An inherent limitation of the predictive learning task we used is that it does not distinguish between two reasons for responding to a novel stimulus in a way that is similar to the learned stimulus42,43,44: First, participants might fail to discriminate between the two (i.e., they incorrectly perceive the novel stimulus as the learned stimulus), and second, they might correctly identify the novel stimulus as different from the learned one, but expect it to result in the same outcome. Of note, those processes are not mutually exclusive, and are both consistent with forming a more abstract category of the learned stimulus, which we and others11 assumed to underlie broader generalization.

A possible way to distinguish between these two options is to measure stimulus perception39. For example, a future study could use a task in which participants decide whether a stimulus is old (i.e., the learned stimulus) or new (a generalization stimulus; see also refs. 45,46,47,48,49), and then perform a generalization task. Would perceptual sensitivity decrease with expectations of increased variability? And if so, would it predict generalization?

A future study could also examine whether expected variability or psychological distance that are introduced after the learning phase, before generalization would increase generalization. If wider generalization emerges also when expected variability or distance are introduced only after learning, it would suggest that expected variability could affect decision criteria.

Methods

All materials, data, syntax and the pre-registrations can be accessed at the project’s OSF page. All experiments were approved by the Ethics Committee of Tel Aviv University and were following the approved guidelines and regulations (Approval numbers 0001956-1 and 0001956-3).

Experiment 1

Participants

One-hundred-and-thirty Mechanical Turk participants completed the study in return for payment. The preregistered sample size was based on power estimation to detect a main effect of condition in the first generalization block based on a pilot study with 24 participants that found an effect size of η2p = 0.47. According to G*power software50, 98 participants are required to achieve 80% power. We factored up by 30% anticipating dropout which might happen in online participation in such paradigms and collected data from 130 participants (we conducted Experiment 3 before Experiment 1, but because Experiment 1 tests the basic mechanism, we present it first.). Participants were randomly assigned to one of two experimental conditions. Per our preregistered exclusion criteria, 34 participants were excluded because they did not reach the learning criterion. One additional participant was excluded because they did not complete the task. The final sample consisted of 96 participants (Mage = 38.54, SDage = 11.78, 52 women) Nlow-expected-variability = 46, Nhigh-expected-variability = 50.

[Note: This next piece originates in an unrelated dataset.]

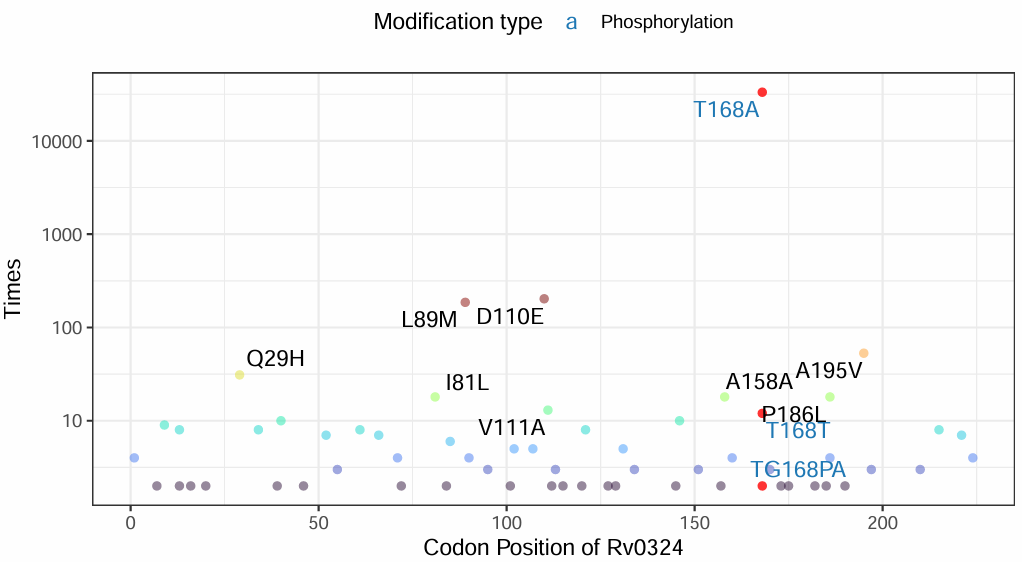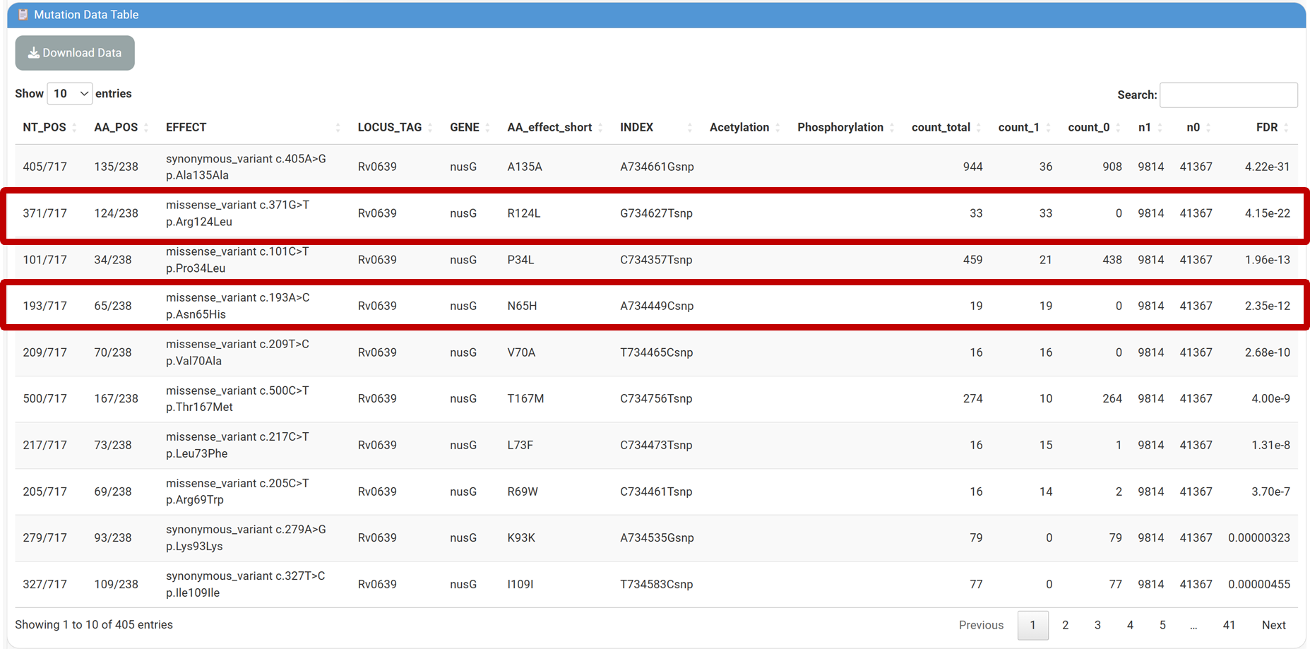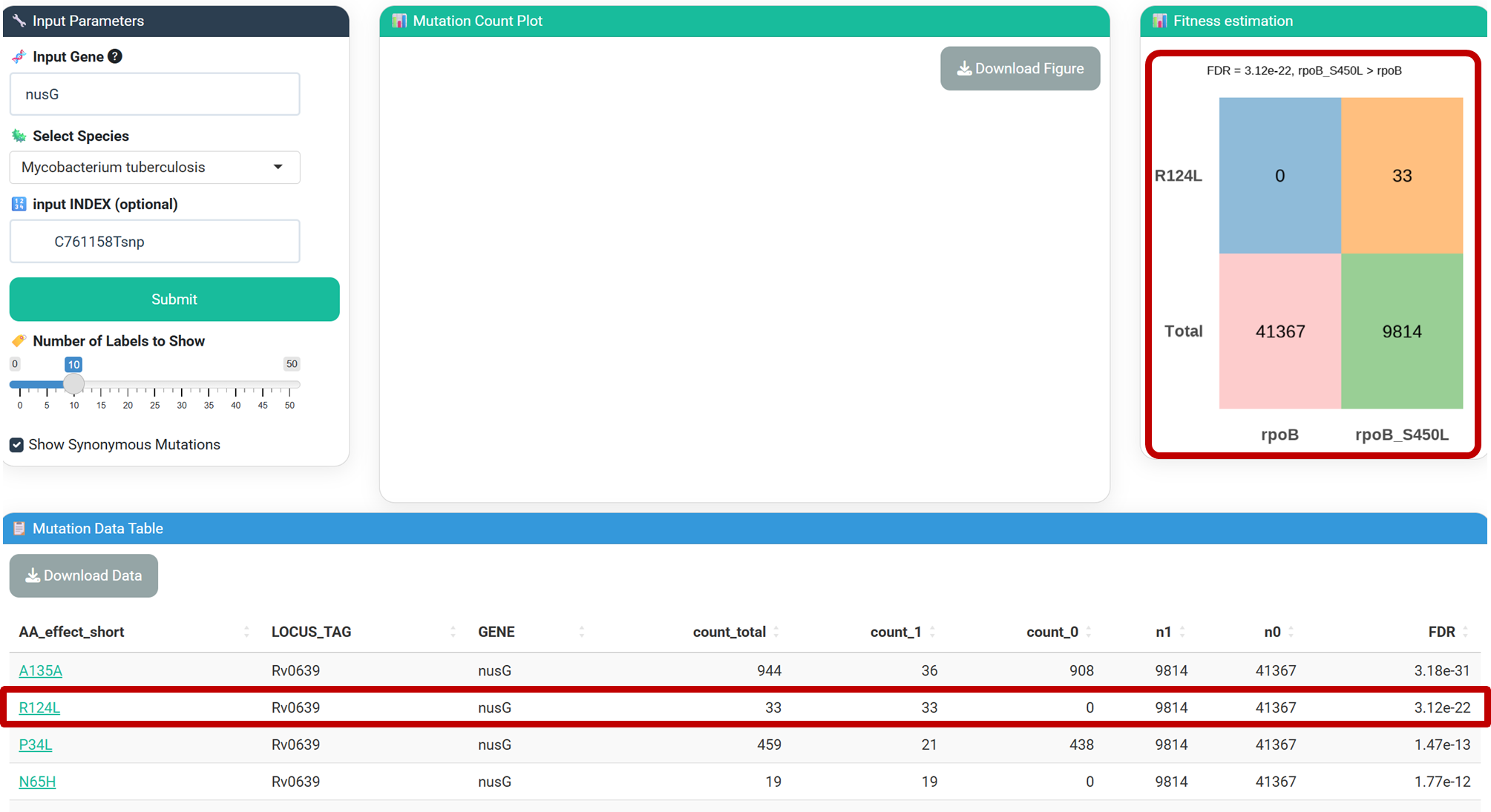 Result: The R124L and N65H mutations in nusG are significantly overrepresented in rpoB S450L strains (FDR = 4.15E-22), and has already been proved with improved fitness in RIF-resistant Mtb in a previous study published in Nature (2024) . Click the link in [AA_effect_short] column in the table to visualize the result for each mutation.

The predictive learning task

In the predictive learning task51 (Experiment 1), participants aimed to learn which stimuli predict a particular outcome. The stimuli were rings of different sizes that, in our modified version, represented bacteria colonies. The outcome was “being pathogenic”. Participants were informed that rings of different sizes will be displayed on the computer screen and that these rings represent bacteria colonies, some pathogenic and others harmless. They were then told that their goal is to learn to predict which bacteria colonies are pathogenic and which are not. Each trial started with the message “The next trial starts now” displayed at the center of the screen for 500 ms. Then a single ring was presented on the computer screen accompanied by an 11-point rating scale for participants to indicate their prediction of whether it is pathogenic, ranging from 0 (certainly not pathogenic) to 10 (certainly pathogenic). Afterwards, the ring and the scale disappeared from the screen, and either the phrase “pathogenic bacteria” or a black screen was displayed at the center of the screen for 1500 ms (see Fig. 1b).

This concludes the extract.